SUPPLIED DATA section start

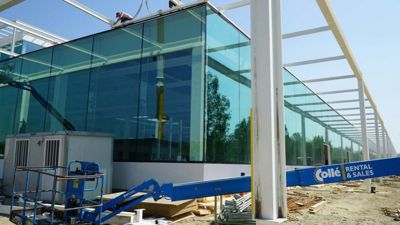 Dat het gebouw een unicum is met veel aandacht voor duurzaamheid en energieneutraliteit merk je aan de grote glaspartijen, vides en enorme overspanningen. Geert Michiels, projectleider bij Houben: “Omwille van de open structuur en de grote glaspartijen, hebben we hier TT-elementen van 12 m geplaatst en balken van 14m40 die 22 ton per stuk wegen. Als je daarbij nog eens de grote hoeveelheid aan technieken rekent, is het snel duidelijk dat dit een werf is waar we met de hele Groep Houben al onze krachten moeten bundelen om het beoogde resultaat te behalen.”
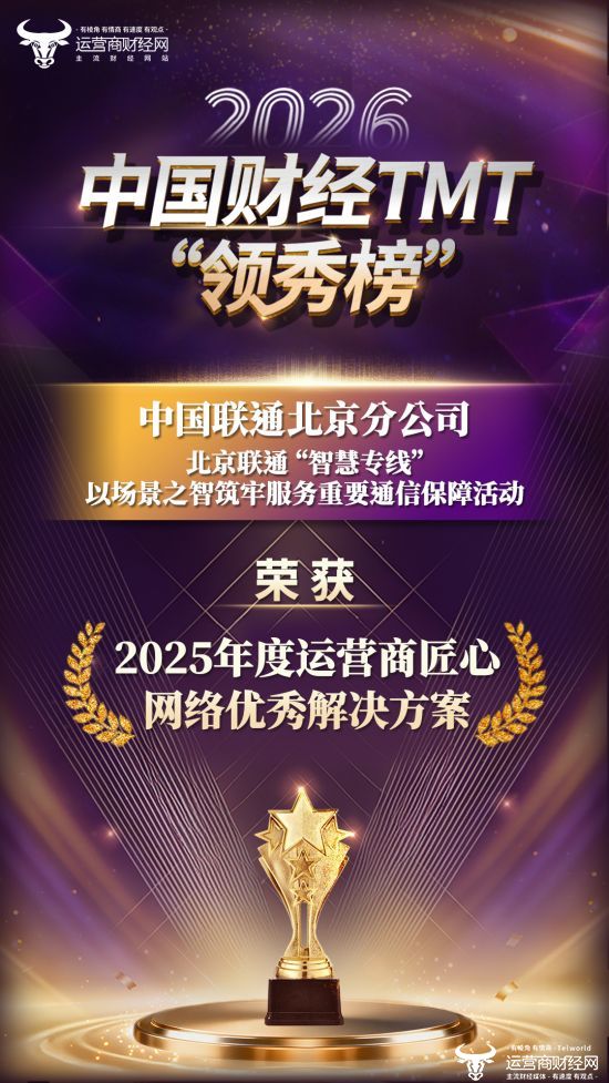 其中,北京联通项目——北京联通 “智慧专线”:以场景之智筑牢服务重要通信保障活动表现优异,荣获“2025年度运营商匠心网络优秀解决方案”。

SUPPLIED DATA section end
SUPPLIED DATA section start

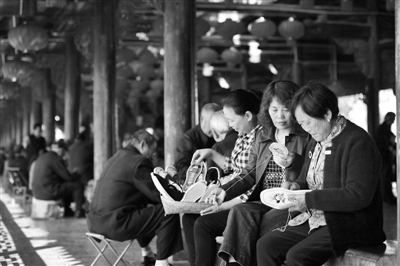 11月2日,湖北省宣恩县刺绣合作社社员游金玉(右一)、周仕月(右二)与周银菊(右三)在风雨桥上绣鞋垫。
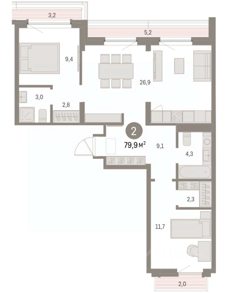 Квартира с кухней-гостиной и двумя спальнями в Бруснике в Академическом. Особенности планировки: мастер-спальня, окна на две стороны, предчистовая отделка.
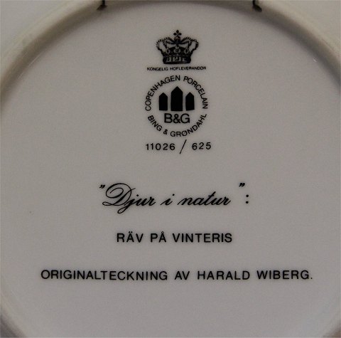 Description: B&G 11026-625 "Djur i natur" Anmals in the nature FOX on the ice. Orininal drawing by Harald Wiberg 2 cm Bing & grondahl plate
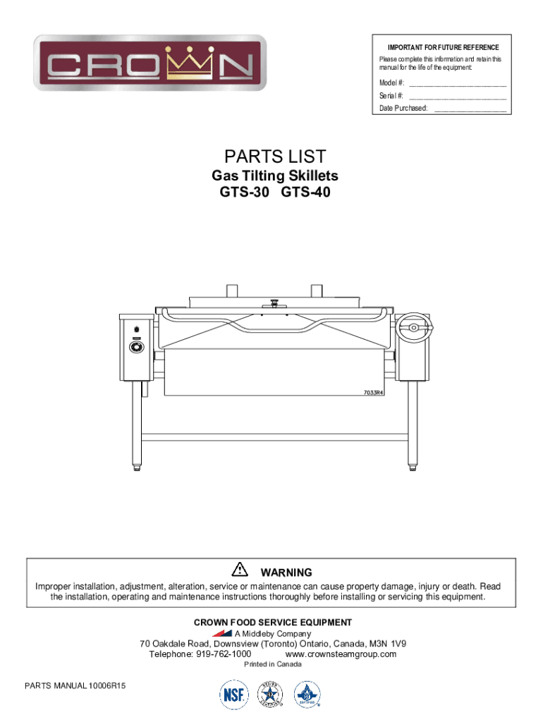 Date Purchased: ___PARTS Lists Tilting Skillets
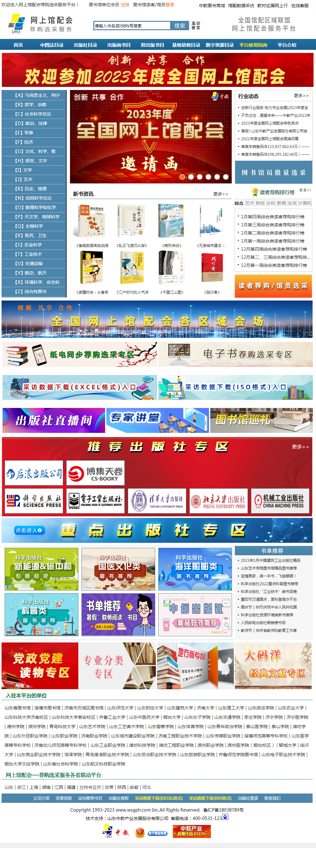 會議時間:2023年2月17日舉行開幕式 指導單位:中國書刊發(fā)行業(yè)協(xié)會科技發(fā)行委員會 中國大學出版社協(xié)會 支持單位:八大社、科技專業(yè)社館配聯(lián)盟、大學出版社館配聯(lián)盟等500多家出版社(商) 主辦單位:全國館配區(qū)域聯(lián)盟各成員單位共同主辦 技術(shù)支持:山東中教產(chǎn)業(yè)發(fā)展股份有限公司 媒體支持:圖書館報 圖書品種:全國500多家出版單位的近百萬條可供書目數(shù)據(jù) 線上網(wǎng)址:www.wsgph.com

SUPPLIED DATA section end
SUPPLIED DATA section start

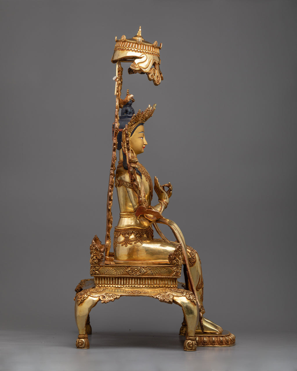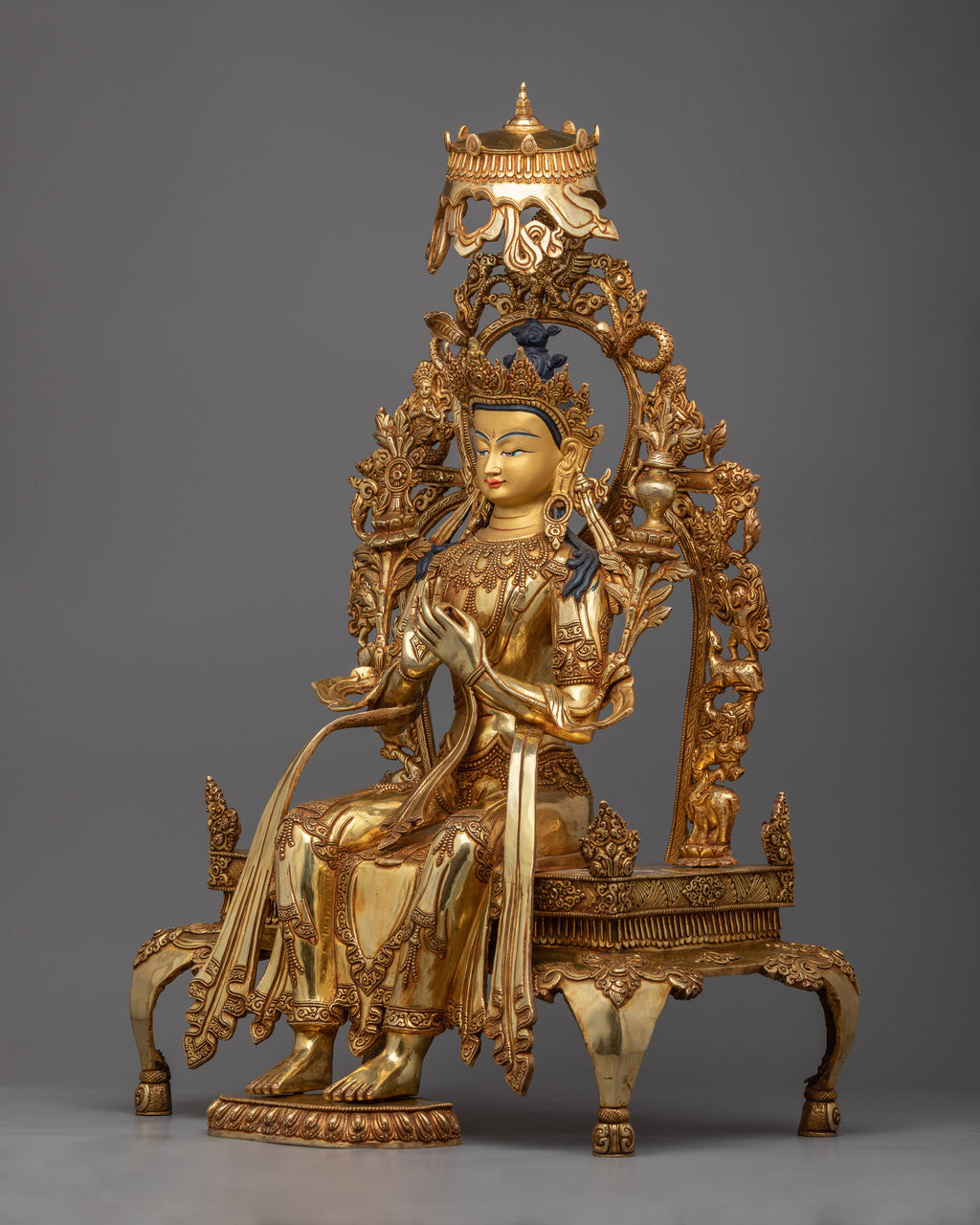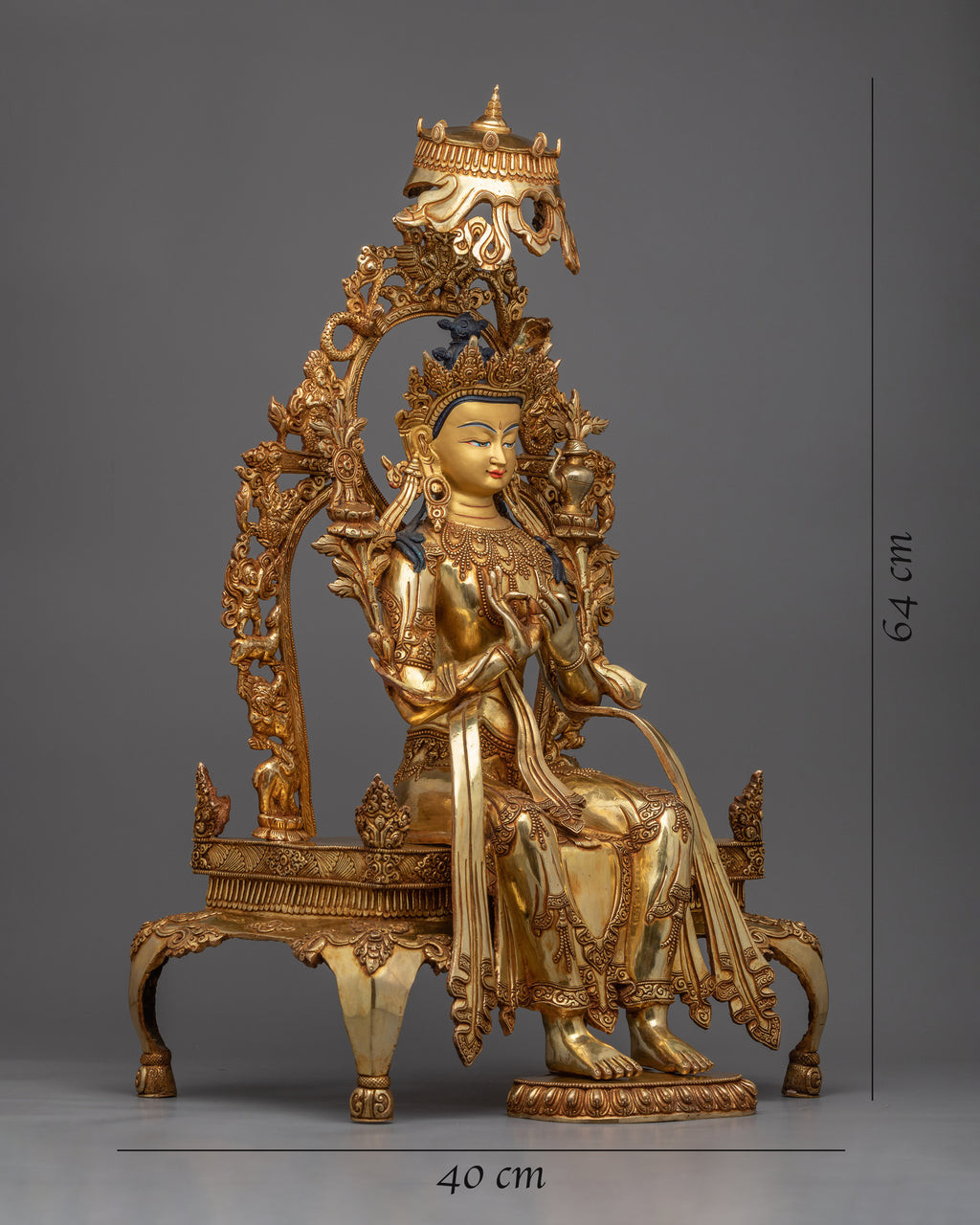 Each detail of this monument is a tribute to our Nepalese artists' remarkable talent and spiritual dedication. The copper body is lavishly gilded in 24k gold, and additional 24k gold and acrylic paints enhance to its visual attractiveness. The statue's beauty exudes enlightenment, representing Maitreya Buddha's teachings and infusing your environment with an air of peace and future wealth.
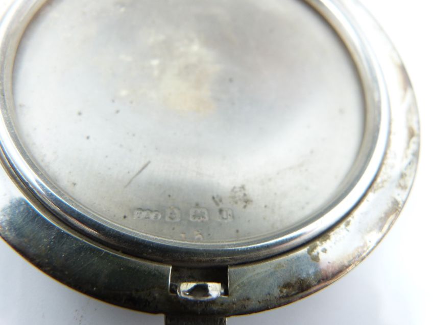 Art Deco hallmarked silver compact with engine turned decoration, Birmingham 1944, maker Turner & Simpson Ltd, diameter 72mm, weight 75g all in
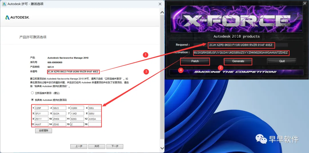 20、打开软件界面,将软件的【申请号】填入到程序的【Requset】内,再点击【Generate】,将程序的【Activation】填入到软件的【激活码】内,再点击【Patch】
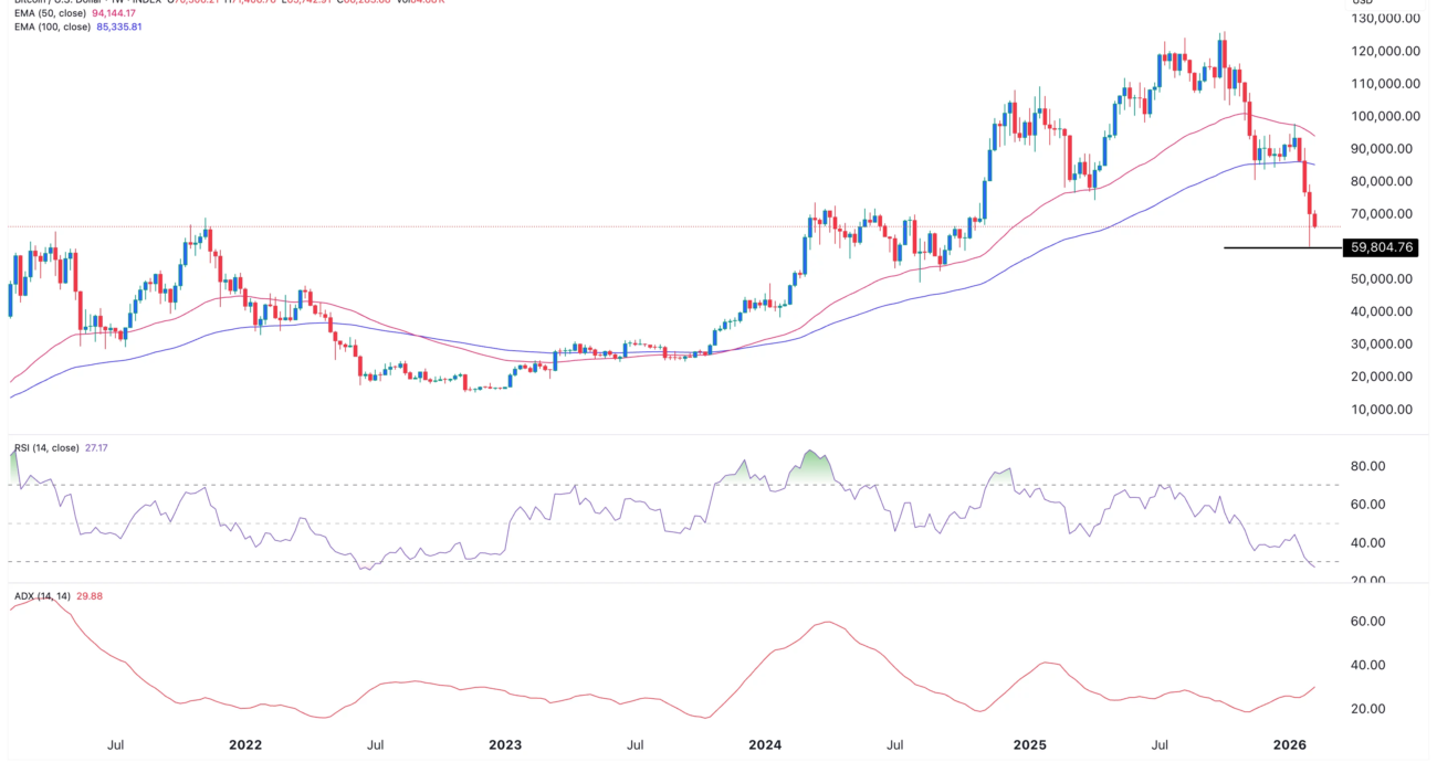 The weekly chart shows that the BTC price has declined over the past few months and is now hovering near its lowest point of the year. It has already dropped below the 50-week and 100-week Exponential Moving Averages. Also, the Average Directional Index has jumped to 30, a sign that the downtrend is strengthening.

SUPPLIED DATA section end

What's needed is an exact copy of the lines above from the one with "Dat het gebouw" through the one with "其中,北京联通项目——北京联", both included; the pictures stay out.

 Dat het gebouw een unicum is met veel aandacht voor duurzaamheid en energieneutraliteit merk je aan de grote glaspartijen, vides en enorme overspanningen. Geert Michiels, projectleider bij Houben: “Omwille van de open structuur en de grote glaspartijen, hebben we hier TT-elementen van 12 m geplaatst en balken van 14m40 die 22 ton per stuk wegen. Als je daarbij nog eens de grote hoeveelheid aan technieken rekent, is het snel duidelijk dat dit een werf is waar we met de hele Groep Houben al onze krachten moeten bundelen om het beoogde resultaat te behalen.”
 其中,北京联通项目——北京联通 “智慧专线”:以场景之智筑牢服务重要通信保障活动表现优异,荣获“2025年度运营商匠心网络优秀解决方案”。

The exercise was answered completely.